ACTIVITY: In the material below, begin at the line that has "Wenn es mal", stop after the line that has "Med den här", and transcribe those lines exactly, without pictures.

DATASET RECORDS:
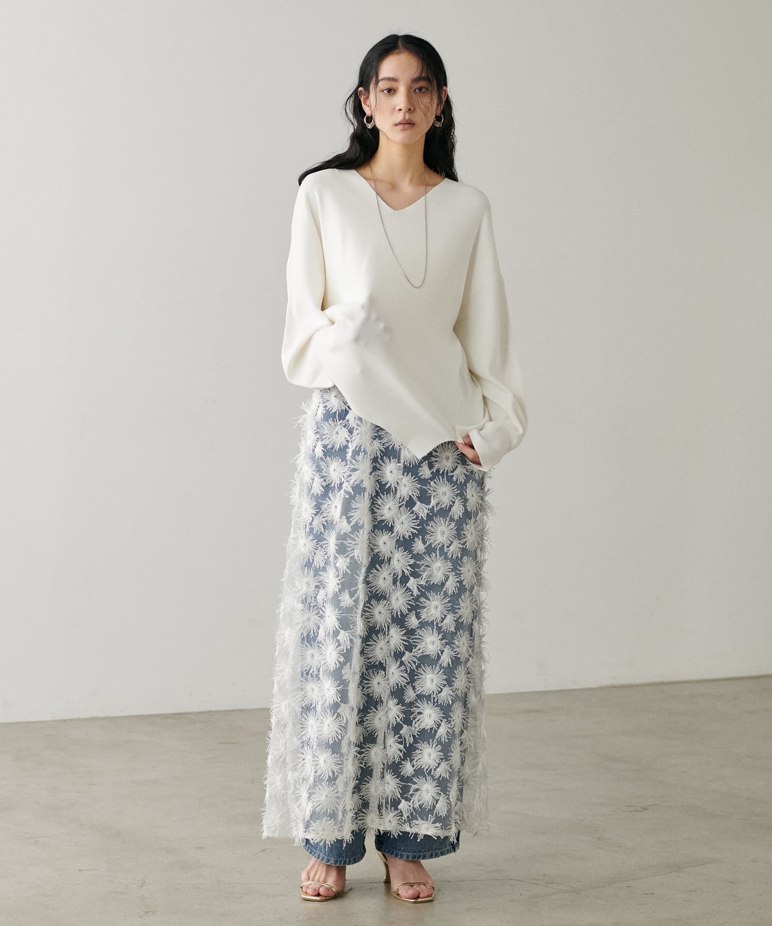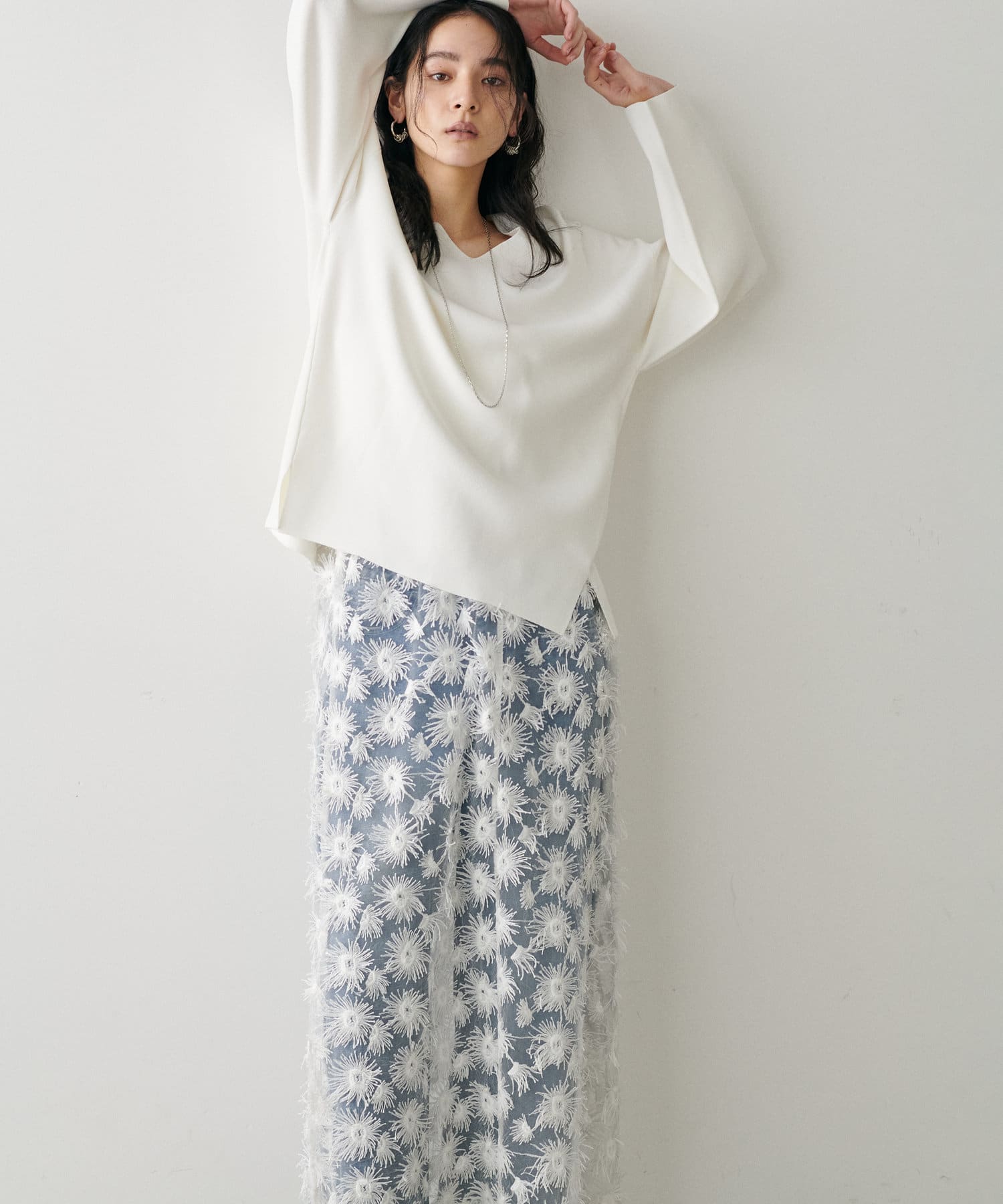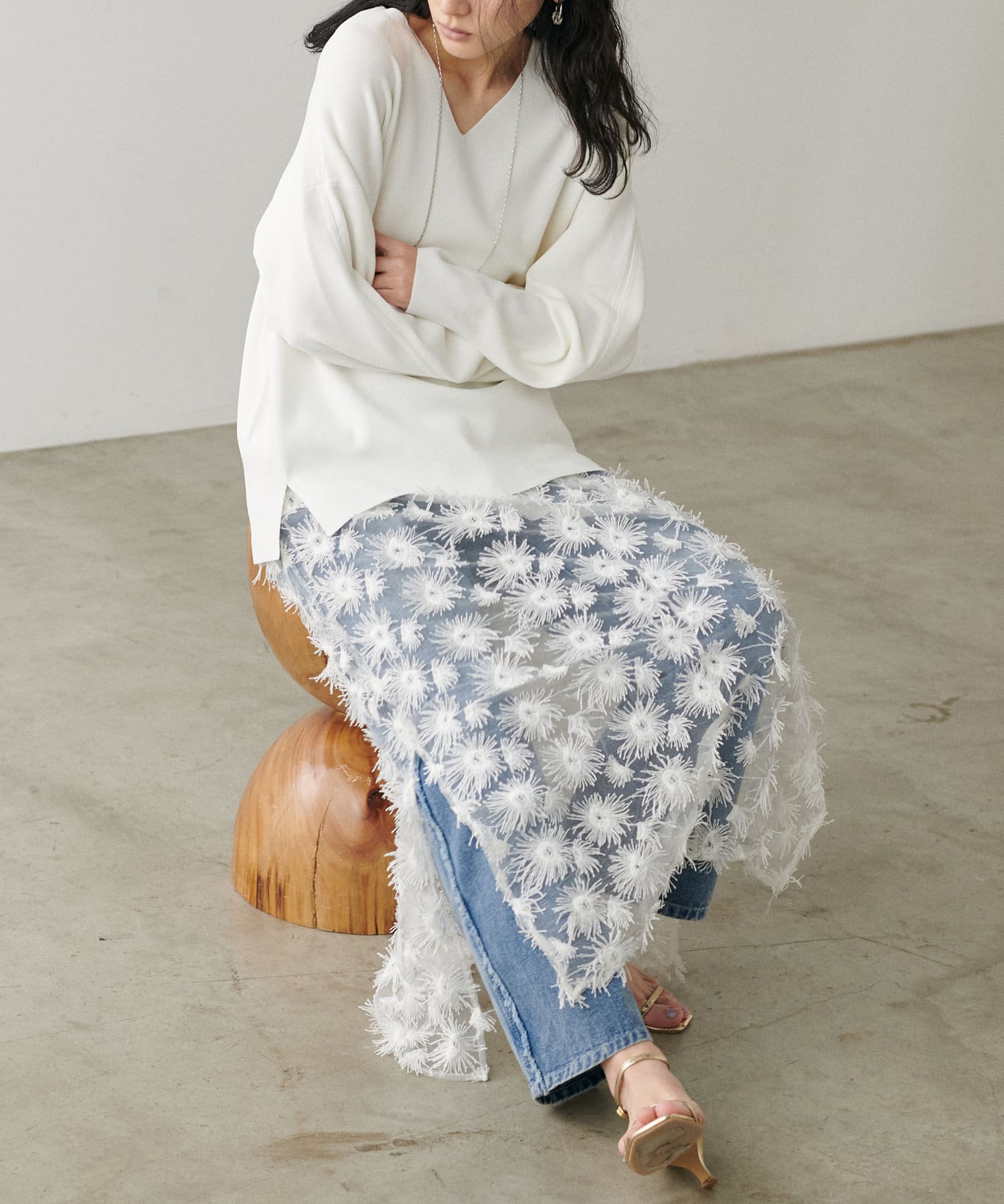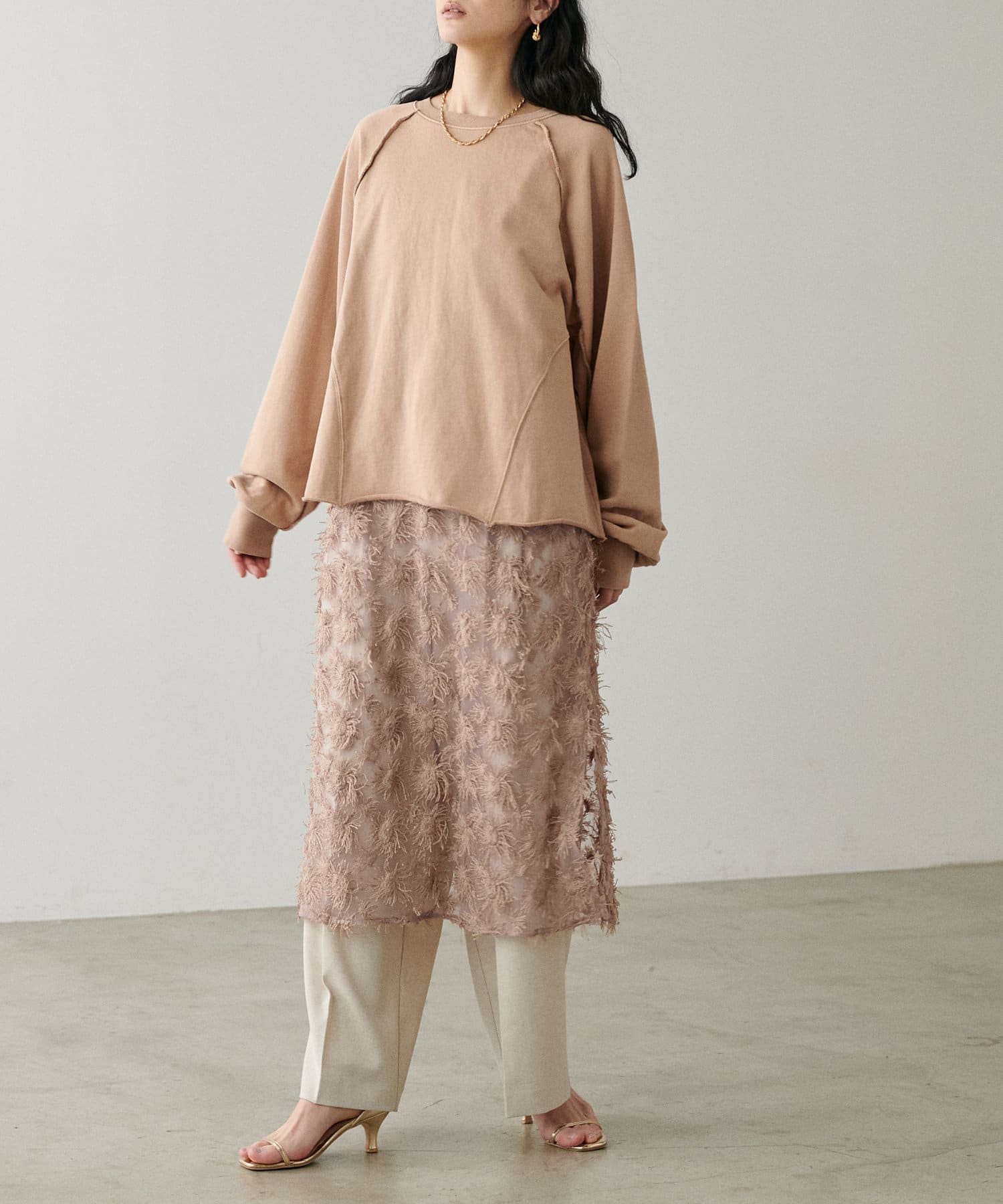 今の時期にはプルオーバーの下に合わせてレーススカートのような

==

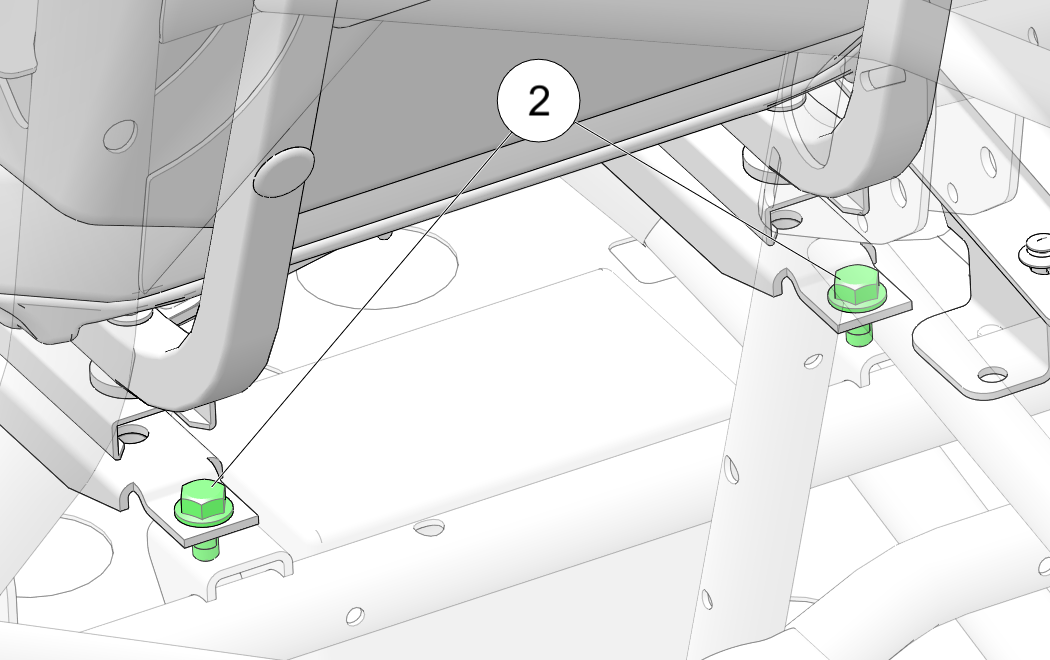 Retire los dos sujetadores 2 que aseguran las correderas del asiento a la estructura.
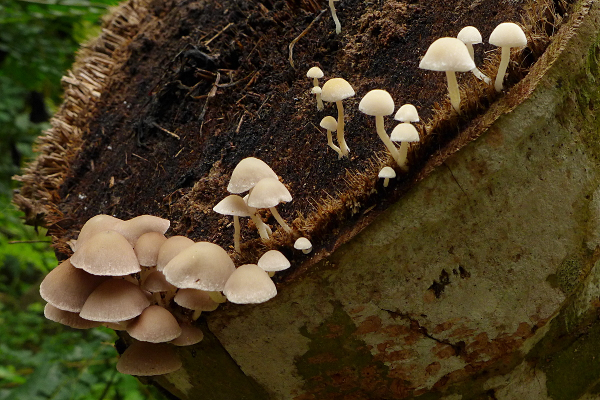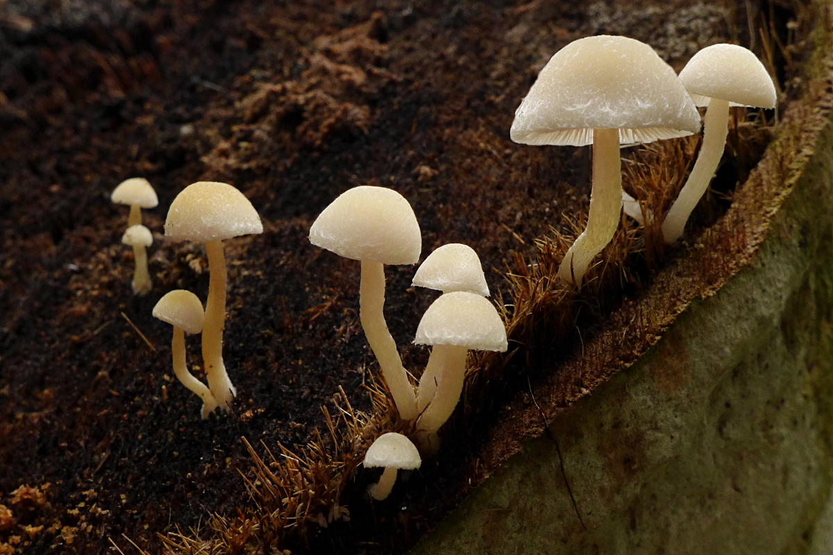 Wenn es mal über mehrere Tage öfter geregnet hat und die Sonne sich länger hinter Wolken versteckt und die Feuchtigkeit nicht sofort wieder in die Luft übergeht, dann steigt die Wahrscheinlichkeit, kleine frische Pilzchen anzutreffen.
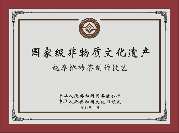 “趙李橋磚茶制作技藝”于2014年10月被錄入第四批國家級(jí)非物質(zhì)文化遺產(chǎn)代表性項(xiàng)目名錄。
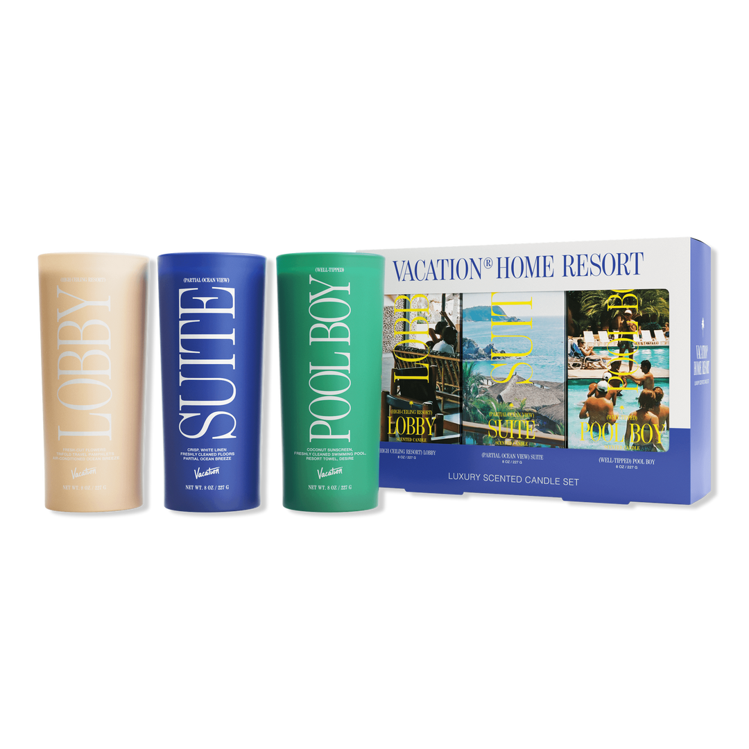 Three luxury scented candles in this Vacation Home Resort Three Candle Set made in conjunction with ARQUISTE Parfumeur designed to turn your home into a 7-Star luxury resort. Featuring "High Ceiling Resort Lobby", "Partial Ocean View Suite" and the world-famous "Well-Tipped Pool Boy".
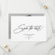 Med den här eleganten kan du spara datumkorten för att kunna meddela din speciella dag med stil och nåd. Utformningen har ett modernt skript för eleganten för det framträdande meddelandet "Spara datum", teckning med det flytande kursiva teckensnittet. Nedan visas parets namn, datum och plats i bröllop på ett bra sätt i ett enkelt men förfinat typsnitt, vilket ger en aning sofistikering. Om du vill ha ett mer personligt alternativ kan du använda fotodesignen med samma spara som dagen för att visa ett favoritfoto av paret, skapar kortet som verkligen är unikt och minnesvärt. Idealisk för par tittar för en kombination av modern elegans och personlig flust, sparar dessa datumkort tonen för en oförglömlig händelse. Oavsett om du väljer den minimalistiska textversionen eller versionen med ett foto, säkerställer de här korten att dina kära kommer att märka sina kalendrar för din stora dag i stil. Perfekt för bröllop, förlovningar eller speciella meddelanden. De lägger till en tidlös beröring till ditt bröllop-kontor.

SOLUTION FOR THIS TASK:
 Wenn es mal über mehrere Tage öfter geregnet hat und die Sonne sich länger hinter Wolken versteckt und die Feuchtigkeit nicht sofort wieder in die Luft übergeht, dann steigt die Wahrscheinlichkeit, kleine frische Pilzchen anzutreffen.
 “趙李橋磚茶制作技藝”于2014年10月被錄入第四批國家級(jí)非物質(zhì)文化遺產(chǎn)代表性項(xiàng)目名錄。
 Three luxury scented candles in this Vacation Home Resort Three Candle Set made in conjunction with ARQUISTE Parfumeur designed to turn your home into a 7-Star luxury resort. Featuring "High Ceiling Resort Lobby", "Partial Ocean View Suite" and the world-famous "Well-Tipped Pool Boy".
 Med den här eleganten kan du spara datumkorten för att kunna meddela din speciella dag med stil och nåd. Utformningen har ett modernt skript för eleganten för det framträdande meddelandet "Spara datum", teckning med det flytande kursiva teckensnittet. Nedan visas parets namn, datum och plats i bröllop på ett bra sätt i ett enkelt men förfinat typsnitt, vilket ger en aning sofistikering. Om du vill ha ett mer personligt alternativ kan du använda fotodesignen med samma spara som dagen för att visa ett favoritfoto av paret, skapar kortet som verkligen är unikt och minnesvärt. Idealisk för par tittar för en kombination av modern elegans och personlig flust, sparar dessa datumkort tonen för en oförglömlig händelse. Oavsett om du väljer den minimalistiska textversionen eller versionen med ett foto, säkerställer de här korten att dina kära kommer att märka sina kalendrar för din stora dag i stil. Perfekt för bröllop, förlovningar eller speciella meddelanden. De lägger till en tidlös beröring till ditt bröllop-kontor.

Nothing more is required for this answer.